(Source records)
#####
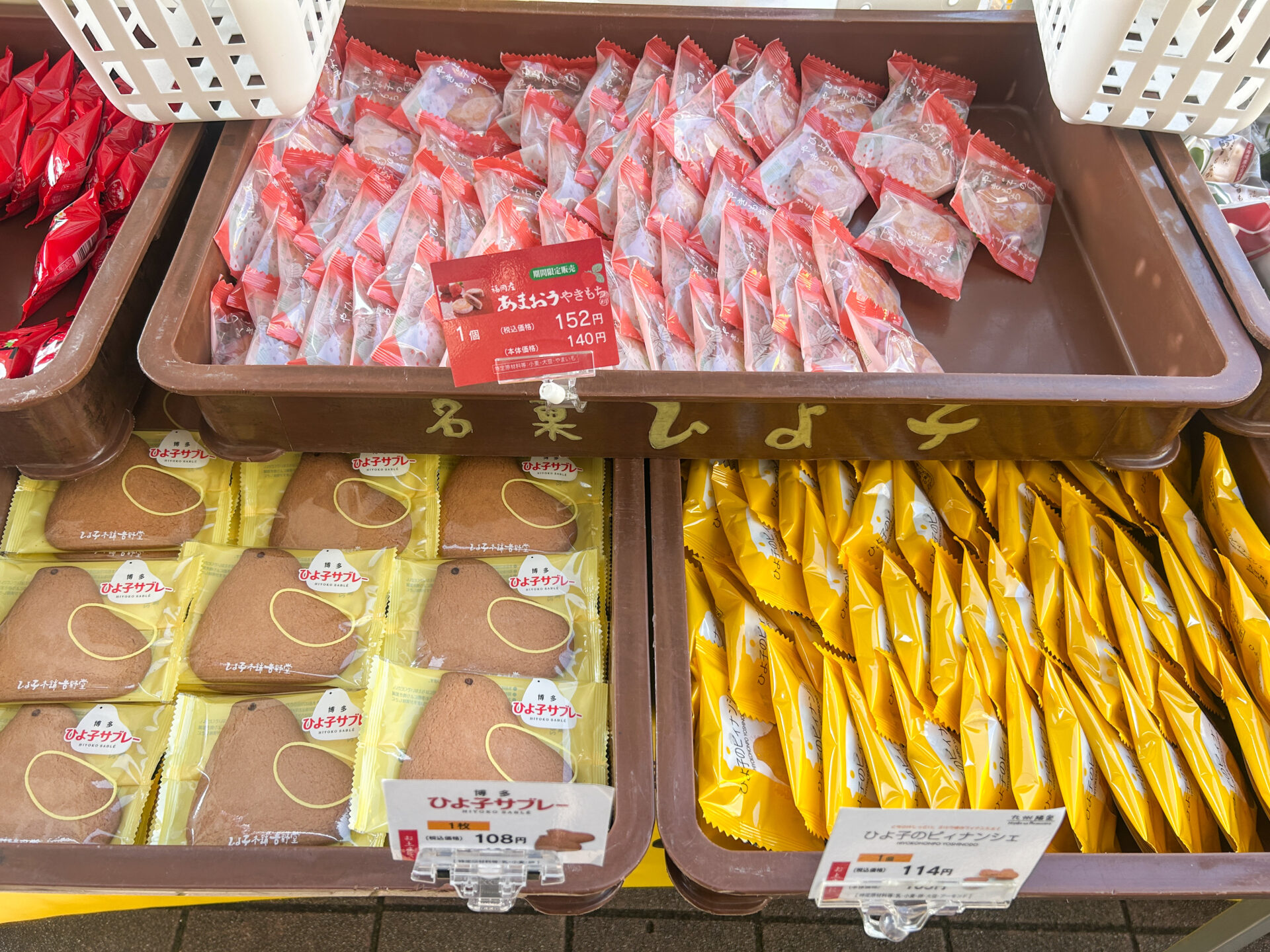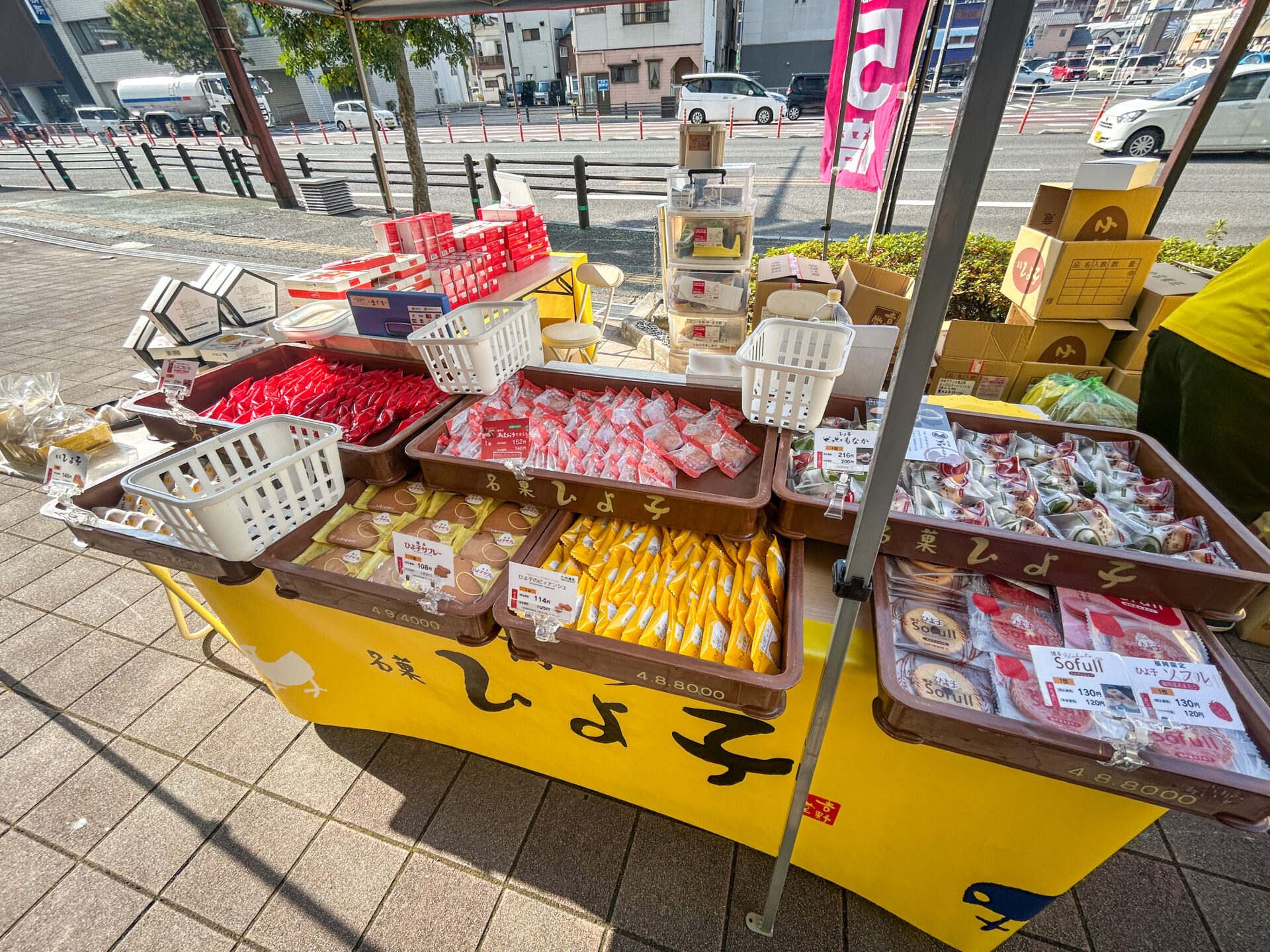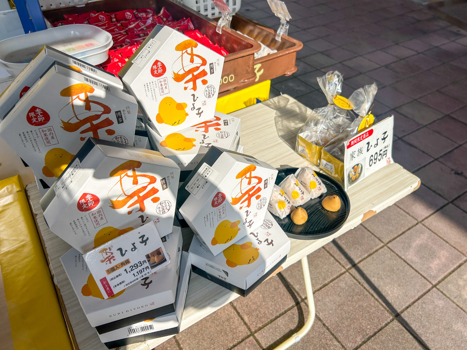 『幸せを運ぶ♪はっぴよカー』で販売されている商品は、主に『ひよ子本舗吉野堂』の人気商品のバラ売りです。
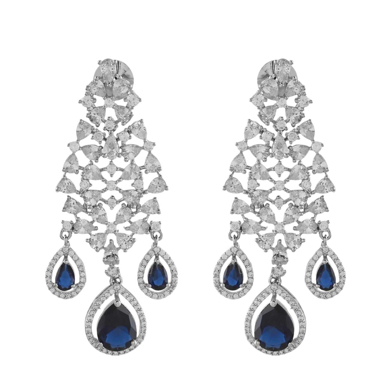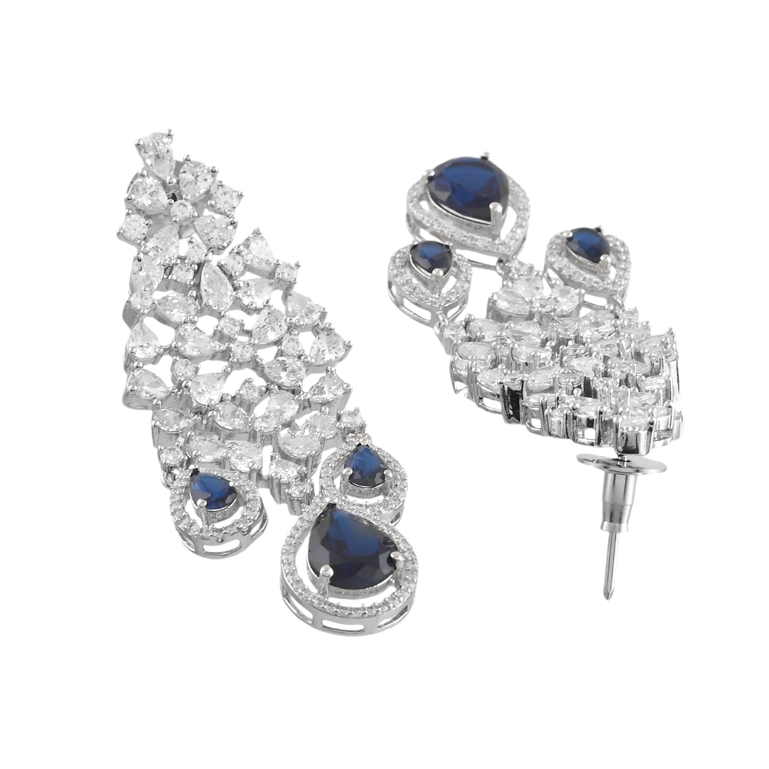 Elevate your festive look with the exquisite Voylla American Diamond Necklace Set, meticulously crafted for women who cherish elegance and sophistication. This stunning set, perfect for Navratri, Diwali, Durga Puja, Rakhi, and other festive celebrations, features a luxurious necklace and matching earrings. The necklace is adorned with shimmering cubic zirconia stones, set in a high-quality brass base with a rhodium plating that ensures lasting shine and durability. The intricate design showcases a beautiful arrangement of sparkling stones, culminating in a striking blue teardrop centerpiece that adds a touch of regal charm. The matching earrings mirror the necklace's design, creating a harmonious and elegant ensemble. This set is an ideal gift for your wife, sister, girlfriend, mother, or friend, making it a perfect choice for any festive occasion. Celebrate the joy of the season with the Voylla American Diamond Necklace Set, a timeless addition to any jewelry collection.
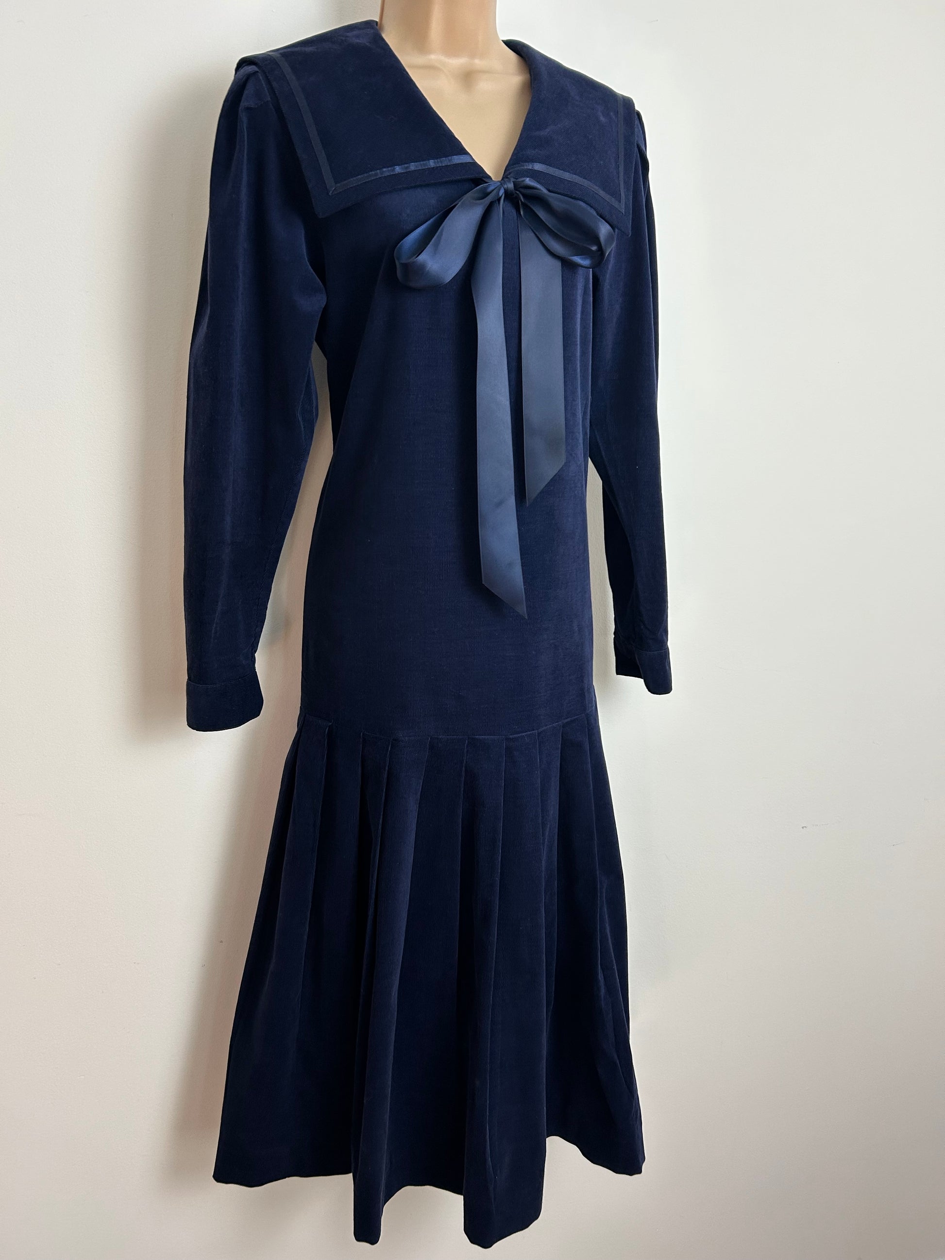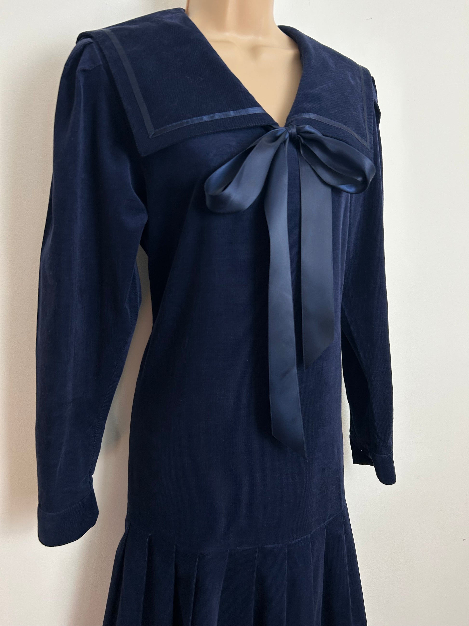 Vintage 1980s LAURA ASHLEY Size 12 Navy Blue Fine Cotton Needlecord Sailor Collar Ribbon Tie Pleated Midi Dress
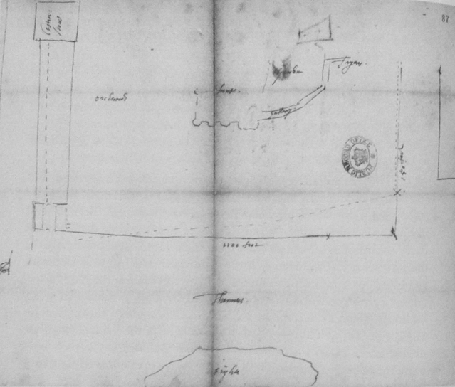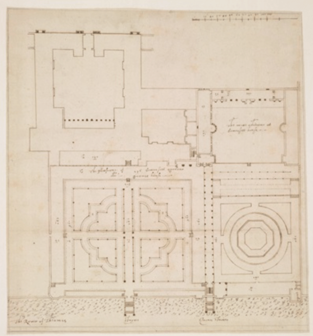 Robert Smythson drew a plan of the grounds of Denmark House [as Somerset House was then known] somewhen between 1609 and 1612 while work was still taking place. The accounts show payments of the new Terrass…with railes and balusters of stone.” and for “the making of a Force with divers brass workes to bring water into the garden.”
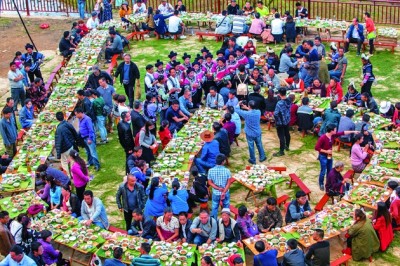 哈尼族長街宴。金家茂攝 圖片由北京國際攝影周“中國稻作文化影像展”提供
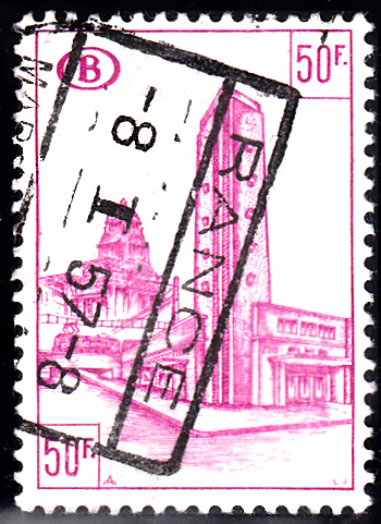 Diese Eisenbahnpaketmarke aus der Ausgabe von 1953/56 mit Abbildungen zur "Nord-Süd-Verbindung in Brüssel" in der Wertstufe zu 30 Franc mit der Abbildung "Bahnhof Brüssel Süd" ist als MiNr. 313 katalogisiert.
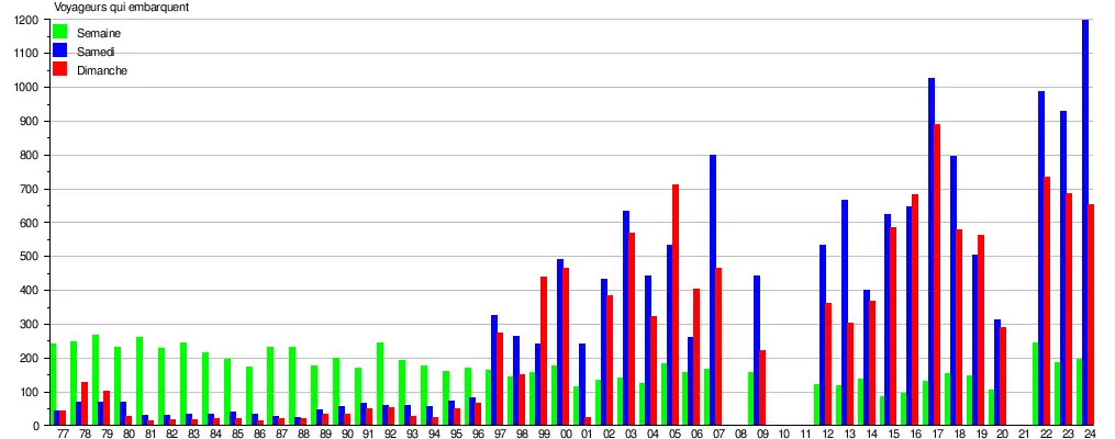 Le graphique et le tableau montrent le nombre de passagers qui en moyenne embarquent durant la semaine, le samedi et le dimanche[6].
#####
YOUR TASK:
Copy out the records above in full, exactly as written, but not the pictures.

SOLVED PROBLEM:
 『幸せを運ぶ♪はっぴよカー』で販売されている商品は、主に『ひよ子本舗吉野堂』の人気商品のバラ売りです。
 Elevate your festive look with the exquisite Voylla American Diamond Necklace Set, meticulously crafted for women who cherish elegance and sophistication. This stunning set, perfect for Navratri, Diwali, Durga Puja, Rakhi, and other festive celebrations, features a luxurious necklace and matching earrings. The necklace is adorned with shimmering cubic zirconia stones, set in a high-quality brass base with a rhodium plating that ensures lasting shine and durability. The intricate design showcases a beautiful arrangement of sparkling stones, culminating in a striking blue teardrop centerpiece that adds a touch of regal charm. The matching earrings mirror the necklace's design, creating a harmonious and elegant ensemble. This set is an ideal gift for your wife, sister, girlfriend, mother, or friend, making it a perfect choice for any festive occasion. Celebrate the joy of the season with the Voylla American Diamond Necklace Set, a timeless addition to any jewelry collection.
 Vintage 1980s LAURA ASHLEY Size 12 Navy Blue Fine Cotton Needlecord Sailor Collar Ribbon Tie Pleated Midi Dress
 Robert Smythson drew a plan of the grounds of Denmark House [as Somerset House was then known] somewhen between 1609 and 1612 while work was still taking place. The accounts show payments of the new Terrass…with railes and balusters of stone.” and for “the making of a Force with divers brass workes to bring water into the garden.”
 哈尼族長街宴。金家茂攝 圖片由北京國際攝影周“中國稻作文化影像展”提供
 Diese Eisenbahnpaketmarke aus der Ausgabe von 1953/56 mit Abbildungen zur "Nord-Süd-Verbindung in Brüssel" in der Wertstufe zu 30 Franc mit der Abbildung "Bahnhof Brüssel Süd" ist als MiNr. 313 katalogisiert.
 Le graphique et le tableau montrent le nombre de passagers qui en moyenne embarquent durant la semaine, le samedi et le dimanche[6].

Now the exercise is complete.